The need for clients and others to show that they are creating sustainable developments is very strong, but some of them might struggle to define what a sustainable steel construction company should be, or know how to recognise one. The Charter provides them with the ability to do that. Charter member companies will have no problem differentiating themselves from those who think they are sustainable but who cannot prove it.

Fortunately for steel, the sustainability case has always been very strong. Steel has always been reclaimed when possible as it retains a value even when it has reached the end of its designed life, whether framing a building or supporting a bridge. Safety of erection is a big factor in the eyes of sustainability aware clients. Steel’s offsite fabrication enhances the safety case and provides relief to local communities which are subject to far fewer lorry movements and other inconveniences of having construction works undertaken nearby.

The steel sector has not rested on these laurels however and a lot of work is either underway or being planned that will ensure that the answers are always ready to the increasingly rigorous questions being asked by an environmentally aware world. One of those questions will increasingly be ‘Are you signed up to the Steel Construction Sustainability Charter?’

Further record output forecast

Record output was reported at the BCSA’s annual lunch by President Donal McCormack (see News). The really good news was that he was able to forecast more records for the next two years at least, and that is before any Olympic games effect is felt. Market share is at an all time high in key sectors and there are more gains to come.
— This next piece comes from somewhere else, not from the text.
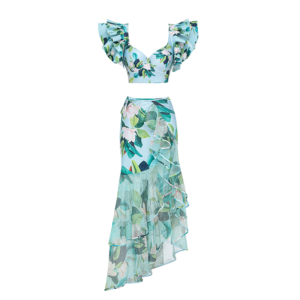 Perfect sunset beach look! This swimsuit is gorgeous. The cutout design with skirt is so elegant and the...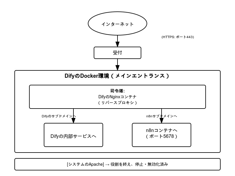 - アクセスされたドメイン名に応じて、Difyの内部サービスかn8nコンテナにリクエストを振り分けます。

Against the background of continuing strong demand for construction materials worldwide it is no surprise then that Corus has announced price increases for structural sections to take effect from October. How will this affect the competitive situation?

The answer from recent experience has to be very little at worst and probably not at all. In fact, with energy prices and other costs of production rising at such fast rates as we have seen recently, other construction materials might see their prices rise even more. Forthcoming research commissioned by Corus will show the competitive argument in favour of steel as strong as ever.

It is an unfortunate fact of commercial life that raw material, energy, transport and other costs are rising worldwide so steel price rises are unavoidable. The facts in favour of using steel as opposed to other materials are as undeniably sound as ever – no ‘silly season’ advertisements from rivals can alter those facts.